19:15:32.389966 stat("/etc/libvirt/qemu/autostart/tLDE.xml", {st_dev=makedev(253, 0), st_ino=302049, st_mode=S_IFREG|0600, s\
t_nlink=1, st_uid=0, st_gid=0, st_blksize=4096, st_blocks=8, st_size=1127, st_atime=2009/01/12-19:08:42, st_mtime=2009/01/12\
-18:54:40, st_ctime=2009/01/12-18:54:40}) = 0
19:15:32.390070 stat("/etc/libvirt/qemu/tLDE.xml", {st_dev=makedev(253, 0), st_ino=302049, st_mode=S_IFREG|0600, st_nlink=1,\
 st_uid=0, st_gid=0, st_blksize=4096, st_blocks=8, st_size=1127, st_atime=2009/01/12-19:08:42, st_mtime=2009/01/12-18:54:40,\
 st_ctime=2009/01/12-18:54:40}) = 0

  - the link exists
  - st_dev and st_ino is the same for both
  - virFileLinkPointsTo() should return 1 for these
  - vm->autostart should be getting set to 1

hackswell: I think you'll need to install libvirt-debuginfo and run libvirtd in gdb; set a breakpoint on qemudAutostartConfigs() and virDomainLoadConfig() and see if you can figure out what's going on

Comment 2 Sir Woody Hackswell 2009-01-13 15:37:32 UTC
Ah HA!  Problem stemmed from the following:

* Two different xml config files had the same name.
* and/or the same UUID.

User error.

HOWEVER... would it make sense to check for duplicate name/uuid and at least log the fact that two config files were "duplicates"?  For foolish users like me? ;)

Comment 3 Mark McLoughlin 2009-01-13 15:45:45 UTC
Could you give us a simple set of commands and XML files to reproduce this?

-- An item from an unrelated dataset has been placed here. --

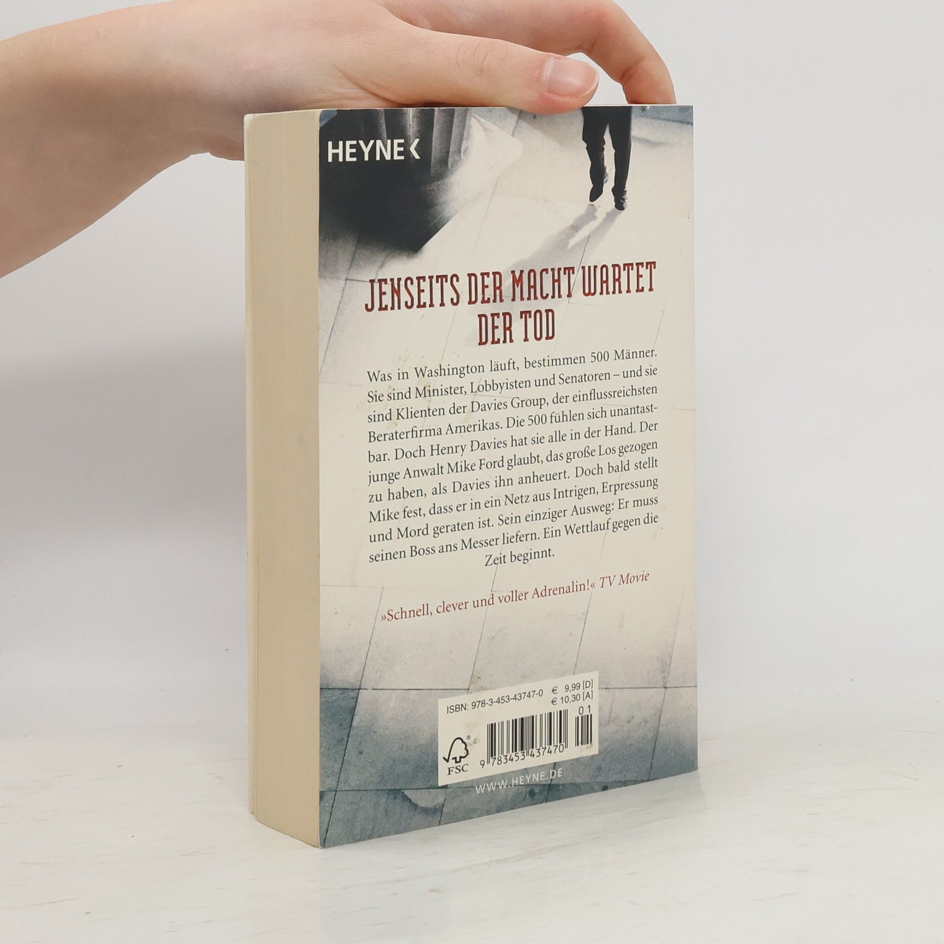 Jenseits der Macht ... wartet der TodWas in Washington läuft, bestimmen 500 Männer. Sie sind Minister, Lobbyisten und Senatoren – und die Klienten der Davies Group, der einflussreichsten Beraterfirma der Hauptstadt. Sie fühlen sich unantastbar. Doch Henry Davies hat sie alle in der Hand. Der junge Anwalt Mike Ford glaubt das große Los gezogen zu haben, als Davies ihn anheuert. Doch bald stellt Mike fest, dass er in ein Netz aus Intrigen, Erpressung und Mord geraten ist. Sein einziger Ausweg: Er muss seinen Boss ans Messer liefern, bevor der bemerkt, dass seine Machenschaften aufgeflogen sind. Ein Wettlauf gegen die Zeit beginnt.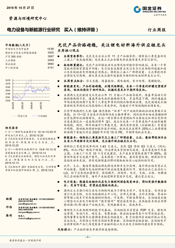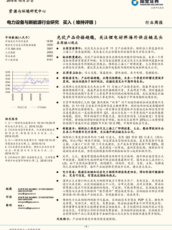 【国金证券】【20191027】电力设备与新能源行业研究周报:光伏产品价格趋稳,关注锂电材料海外供应链龙头-4页

Comment 4 Sir Woody Hackswell 2009-01-13 15:52:38 UTC
* Find any xml config file in /etc/libvirt/qemu/ that is symlinked in the autostart directory.

* Copy it to a different name, but don't change the name or uuid field.

In my case the non-running filename came "Before" the autostart config file.

ex:

Fedora10-i386 (no autostart, name Fedora10-i386, uuid PLUGH)
fedora10.xml  (no autostart, name tLDE, uuid XYZZY)
tLDE.xml      (linked to in autostart, name tLDE, uuid XYZZY)

Upon startup of libvirtd, tLDE would not autostart because fedora10 was NOT autostarting. 

Is this as clear as mud now? :O

Comment 5 Mark McLoughlin 2009-01-14 10:55:47 UTC
Let that be a lesson to you :-)

The format of the /etc/libvirt/qemu directory is private and you should only modify domain configuration using virsh or other libvirt tools.

I took a quick look at whether we could add a simple check to catch this, but not really - libvirtd treats the loading of the second config file as if you were re-defining the config of that domain.

This couldn't happen unless the user manually futzed around with the files - the filename will always match the domain name in that case.